Easier to stomach than Let England Shake because the critics weren’t toppling over themselves this time around.
Still too lazy to review that record but shit, you’da thunk the critical hosannas would have died down after five years – “groundbreaking?” There was nothing groundbreaking about PJ Harvey’s depiction of war over the folk sound of the autoharp (recalling Joni Mitchell); certainly not when she took the military horns out of the Byrds’ “Draft Morning” and hammed it the fuck up, or when she leveraged an anthem for youth for her purposes on a song with the word “Maketh” in its title. Those were two of that album’s singles.
Supposedly, The Hope Sex Demolition Project ups the politics from Let England Shake to the now while returning to the blistering guitar of the first half of her discography, while retaining a slight folksy feel; a lot of those male backing vocals are present here. Sounds good right it? At least, in theory: PJ Harvey hasn’t made a great one in sixteen years now, mostly because she’s abandoned a lot of the physical power that made her worth listening to. But, simply put, some of this doesn’t sound good: the lurching blues rock of “The Ministry of Defence” doesn’t shed its stiltedness until a shronking saxophone comes in near the back half to fill in the empty space; “Near the Memorials to Vietnam and Lincoln” seems to be a carrying case for its hook, which is over-stuffed (the verses otherwise feature a haunting piano line that you can get elsewhere in her own discography).
And then there’s the issue of PJ Harvey’s “politics” and other people’s responses to it.
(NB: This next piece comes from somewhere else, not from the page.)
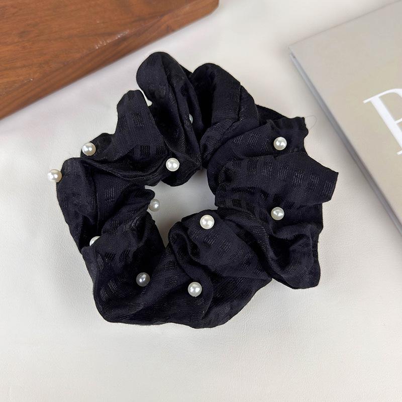 Ретро Жемчужные Скранчи для Волос Летняя Нежная Однотонная Повязка на Голову для Женщин Девушек Элегантная Эластичная Резинка для Волос Хвост

I don’t have a problem with musicians getting political on their record; one of the best albums of last year was a deeply political one, and if they want to write songs about real issues to lend their songs gravity, then go for it. My issue with the politics of The Hope Six Demolition Project is how textbook it is, similar to the depictions of war in the aforementioned Let England Shake. “Medicinals,” which follows one of the album’s worst songs (“Memorials”) and then one of the album’s most inconsequential (“The Orange Monkey”), has her harmonizing over a saxophone riff in the verses and then a call and a response chorus that’s one of the album’s catchiest. All good stuff, but PJ Harvey’s commentary on alcoholism as “a new painkiller” for the native people, thrown in at the very end of the song, doesn’t actually comment on anything. Nor does the opener, which has gotten itself a lot of attention: I get the feeling that PJ Harvey doesn’t think a Wal-Mart being built in a poor community (with drug addicts and a school that “just looks like a shithole”) will fix that community’s problems but how would I know, though? She doesn’t take stances throughout the album, and let me just say, Wal-Mart probably will do more good for the community any alternative, given recent CSR strategies. Doesn’t help PJ’s case that the line sounds like she just finished listening to Laurie Anderson’s “Big Science,” the one that goes “We’ll just take a right where they’re going to build that new shopping mall.”
Speaking of Ms. Anderson, put it this way: PJ Harvey’s lyrics here sound like Lou Reed’s, that is, they took notes on the world that they saw around them. There weren’t any solutions offered, merely “this is how some people live in the world that you might not know.” There’s a nice bit in “Chain of Keys” where the male backing vocals drop out and PJ Harvey’s left to sing – and she sings it so well – “The neighbours won’t be coming back” and “Fifteen houses falling down,” a reference to men who died in the Kosovo War. But see, the problem between the two lyricists – one an accidentally great poet and the other turned Super-Serious about her non-poetry in the last half-decade – is that Lou Reed’s note-taking was evocative and made you care about the characters he wrote about. By comparison, the Native American in “Medicinals” and the beggar-child of “Dollar, Dollar” are non-entities, only to service the musical good, while you wouldn’t know what inspired “Chain of Keys” unless PJ Harvey told you outside of the song.
Still, this isn’t a bad record: there’s a handful of good songs here: there’s some particularly breathtaking flickers to falsetto in “A Line in the Sand” and “Chain of Keys”; the deeper, male backing vocals in “River Anacostia” ground PJ Harvey’s airier singing (as opposed to the rest of the record, where they’re doing nothing particular of note). And curiously, the highlights here come in batches of three: the record ends with its best songs. “The Ministry of Social Affairs” renders “Ministry of Defence” completely obsolete by using the same trick – building up a blues rock song and eventually incorporating a blistering saxophone solo – butnot sounding bad. Similarly, she tries to take you to Afghanistan with her on “Dollar, Dollar,” the starkest tracks on the album with only a light beat and a backing vocal hook singing the title’s tracks that gives the child a voice that he otherwise doesn’t have.
And then there’s “The Wheel,” which has fast-paced handclaps adding momentum and the sear of an electric guitar that the album could’ve desperately used more of (what a misleading lead single). My favorite bit: PJ Harvey’s coda where she sings “And watch them fade out” while the song – and the 28,000 dead – refuse to do anything but.
All-in-all, I think a B’s fitting. That’s about the same score the last one deserves too.